**Record excerpts:**
****
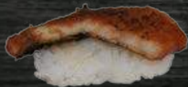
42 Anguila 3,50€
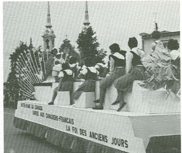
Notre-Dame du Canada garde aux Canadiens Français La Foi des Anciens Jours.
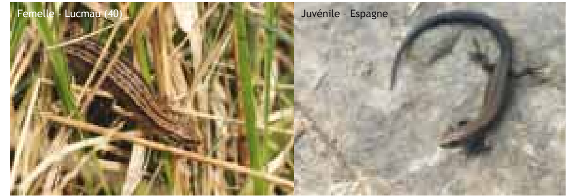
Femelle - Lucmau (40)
****
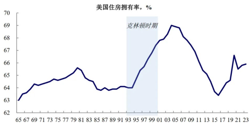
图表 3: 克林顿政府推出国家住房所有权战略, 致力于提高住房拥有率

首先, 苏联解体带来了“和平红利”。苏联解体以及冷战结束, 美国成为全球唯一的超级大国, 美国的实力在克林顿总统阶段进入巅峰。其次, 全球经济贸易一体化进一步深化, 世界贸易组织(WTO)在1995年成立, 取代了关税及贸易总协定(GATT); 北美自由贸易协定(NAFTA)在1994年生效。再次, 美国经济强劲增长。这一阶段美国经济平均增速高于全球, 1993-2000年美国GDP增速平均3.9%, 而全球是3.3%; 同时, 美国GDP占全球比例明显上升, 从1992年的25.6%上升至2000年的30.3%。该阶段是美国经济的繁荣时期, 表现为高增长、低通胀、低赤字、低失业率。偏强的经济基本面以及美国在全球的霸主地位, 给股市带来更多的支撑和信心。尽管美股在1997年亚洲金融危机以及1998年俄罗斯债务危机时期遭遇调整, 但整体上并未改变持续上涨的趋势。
****
**Work to complete:**
Your answer must be the lines above from the one holding "42 Anguila 3,50€" up to and including the one holding "Femelle - Lucmau (40)", exact and with no pictures.

**Response box:**
42 Anguila 3,50€
Notre-Dame du Canada garde aux Canadiens Français La Foi des Anciens Jours.
Femelle - Lucmau (40)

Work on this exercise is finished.